The Bertinchamps brewery, also known as brasserie de la Ferme de Bertinchamps, is a Belgian family-run microbrewery located in Gembloux, in the Belgian province of Namur. It brews three types of beer named Bertinchamps, which are a recognized part of Belgian beer culture. Its primary export markets are Russia, China, Japan, Ireland and France. In April 2017 it made the national news in Belgium for producing 3D-printed chocolate beer bottles.

== History ==
This family brewery started to brew beer in 2013. Two years before this, the Humblet family had bought the farm of Bertinchamps, a very old courtyard farm of the Namur part of the Hesbaye annexed to Gembloux in 1343. They wanted to renovate it and install the equipment necessary for an annual maximal beer production of 6,000 hl. The brewery has four fermentation tanks of a 60 hl to 120 hl capacity. Benoît Humblet, who used to work at the Val-Dieu brewery, is the master brewer.

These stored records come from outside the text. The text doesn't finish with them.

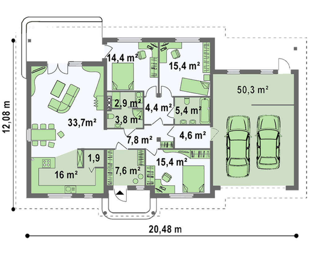 Проект одноэтажного коттеджа с гаражом в классическом стиле для двух автомобилей 4M512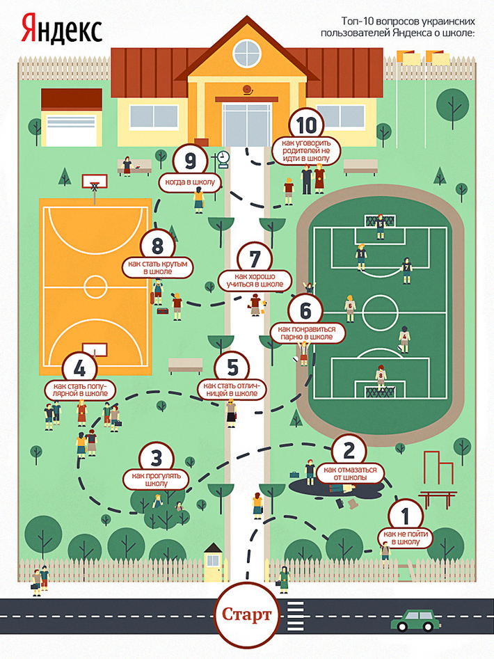 За последний год украинцы задали Яндексу почти миллион запросов о школе. Судя по поисковым запросам, большинство из них были заданы самими школьниками. В частности, донецких учеников интересовало, как прогулять школу, как повысить свою популярность среди одноклассников и что делать, если родителей вызвали к директору, - сообщили в пресс-службе компании "Яндекс.Украина".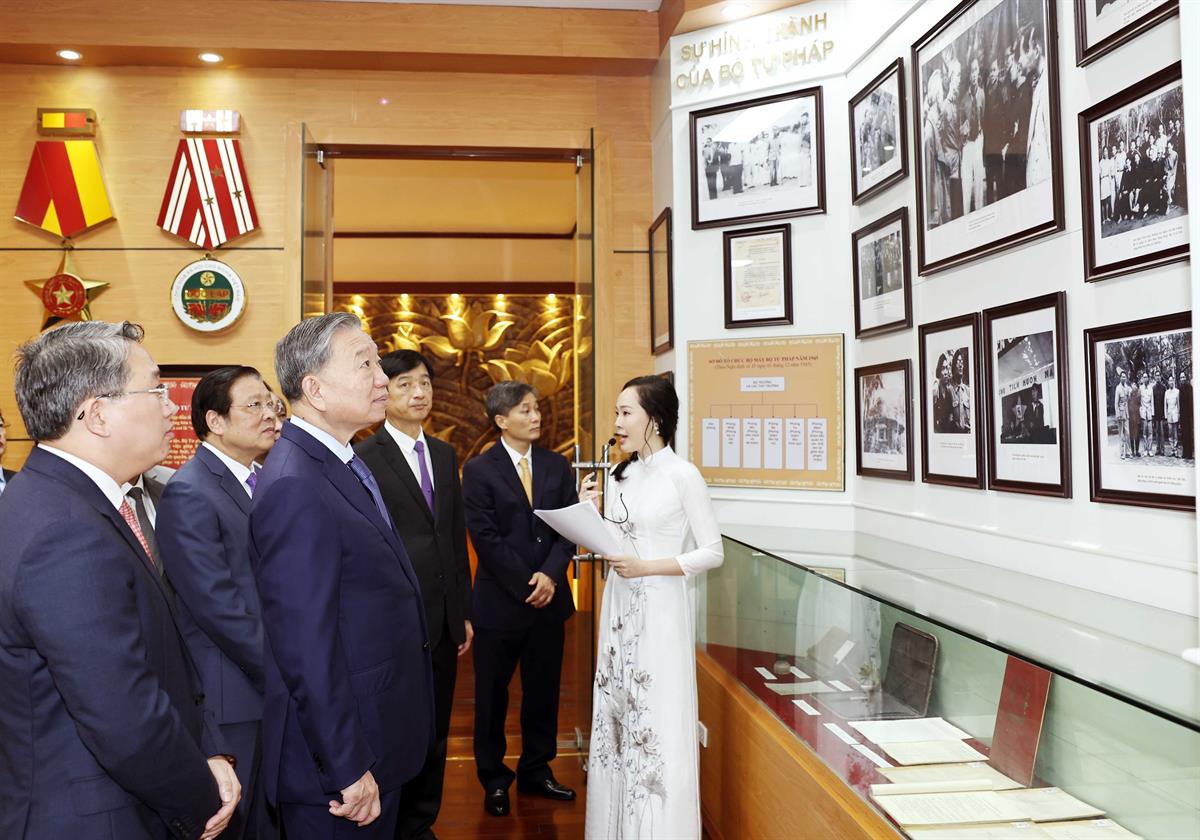 Đồng chí Tổng Bí thư Tô Lâm làm việc với Ban Cán sự đảng Bộ Tư pháp_Ảnh: TTXVN

The label of the beer simply shows a big B (as in Bertinchamps, Belgium, Beer or even Benoît).

== Beers ==
The beers brewed in this brewery are protected by the label Belgian Beer of Wallonia. This protection is granted by the Agence wallonne pour la promotion d'une agriculture de qualité (APAQ-W) - the Wallonian agency for the promotion of quality agriculture.
The brewery produces three beers sold in bottles that have the unusual capacity of 50 cl. Those are old-style farm beers, pure malt and hops, without spices or additives:
- the Bertinchamps Blonde, a 6.2% abv blonde beer.
- the Bertinchamps Triple, an 8% abv triple beer.
- the Bertinchamps Brune, a 7% abv brown beer.

The Bertinchamps brewery is also a contract brewery.

In 2017 the Bertinchamps brewery was in the news for having commissioned the 3D printing of a chocolate beer bottle.